▶ **Exercise**:
Repeat every line of the data exactly; no picture belongs in the copy.

▶ **Data shown**:

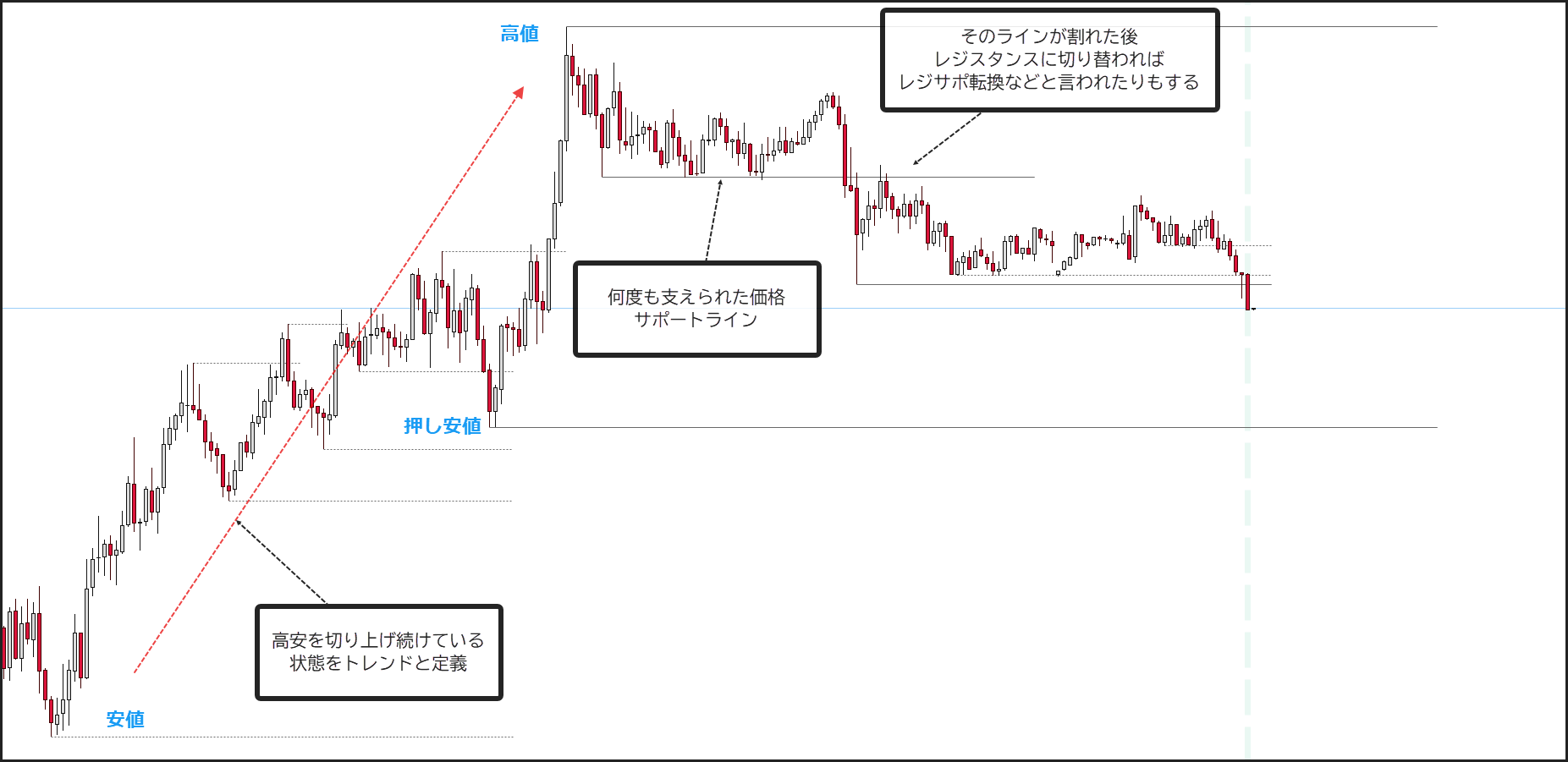 可視化された上下運動の情報には、いろいろな定義を定めることができます。例えば下記チャートでは、誰もが当たり前のように考えている「高値」や「安値」、それらが切り上げ続けている状態を「トレンド」だとか、何度も意識されて留まっていた価格や価格帯を「抵抗線(レジスタンス)」や「支持線(サポート)」などと言ったり、トレンドの安値を「押し安値」などと呼称したりすることです。他、ダブルトップやダブルボトム、三尊やフラッグなどの有名なパターンも、誰かが定義し広まったものですよね。
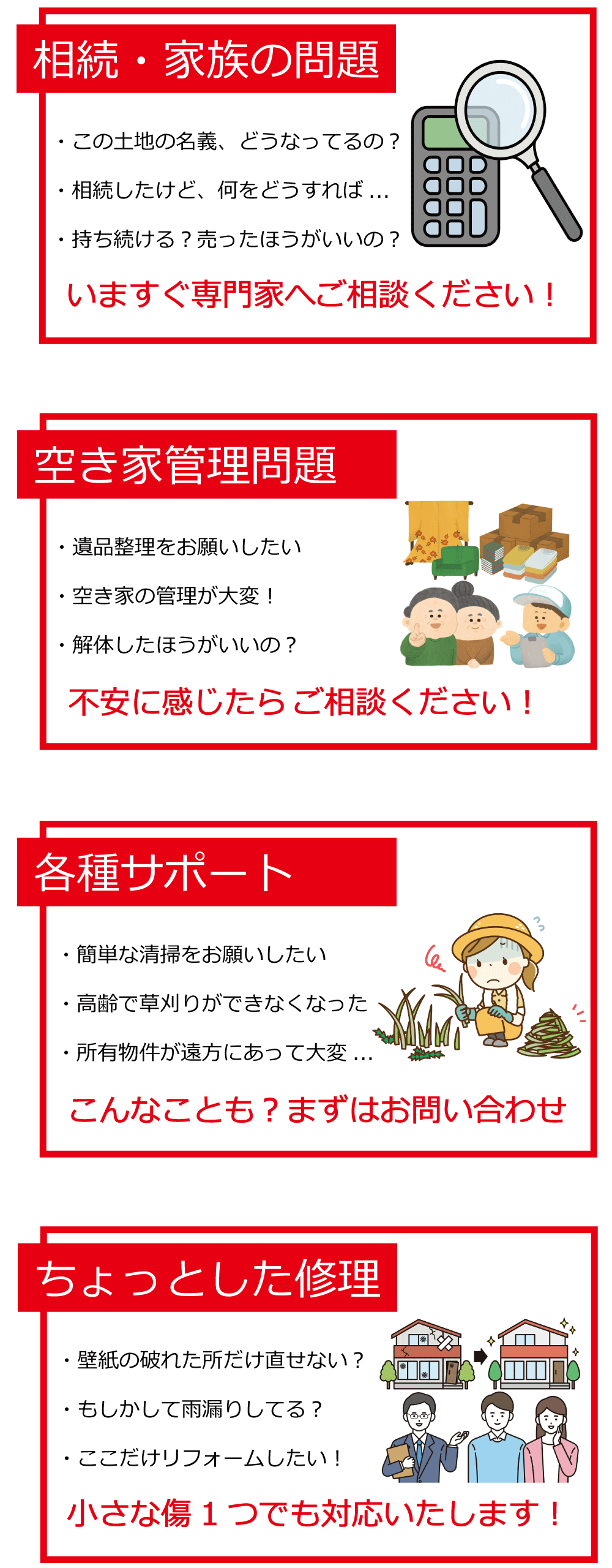 不動産の悩みは、「売る」「買う」だけではありません。空き家、相続、管理、リフォーム、解体、片付けにいたるまで実は、たくさんの“困りごと”がつながっています。
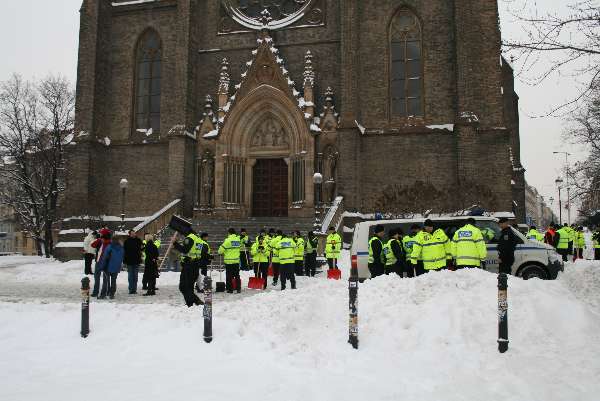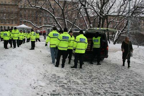 Městská policie se jako obyčejně pokouší dohnat kvalitu kvantitou. Na obrázku je zachyceno přesně 8 šoren a 24 strážníků, což naznačuje určitý organizační záměr – jednu šornu budou obsluhovat tři strážníci, což by vzhledem ke komplexitě obsluhy tohoto nástroje a inteligenci strážníků bylo přiměřené. Ani jeden nepracuje, právě provádějí meditaci. Možná se připravují sníh pokutovat za nedovolené shromažďování.

▶ **Response area**:
 可視化された上下運動の情報には、いろいろな定義を定めることができます。例えば下記チャートでは、誰もが当たり前のように考えている「高値」や「安値」、それらが切り上げ続けている状態を「トレンド」だとか、何度も意識されて留まっていた価格や価格帯を「抵抗線(レジスタンス)」や「支持線(サポート)」などと言ったり、トレンドの安値を「押し安値」などと呼称したりすることです。他、ダブルトップやダブルボトム、三尊やフラッグなどの有名なパターンも、誰かが定義し広まったものですよね。
 不動産の悩みは、「売る」「買う」だけではありません。空き家、相続、管理、リフォーム、解体、片付けにいたるまで実は、たくさんの“困りごと”がつながっています。
 Městská policie se jako obyčejně pokouší dohnat kvalitu kvantitou. Na obrázku je zachyceno přesně 8 šoren a 24 strážníků, což naznačuje určitý organizační záměr – jednu šornu budou obsluhovat tři strážníci, což by vzhledem ke komplexitě obsluhy tohoto nástroje a inteligenci strážníků bylo přiměřené. Ani jeden nepracuje, právě provádějí meditaci. Možná se připravují sníh pokutovat za nedovolené shromažďování.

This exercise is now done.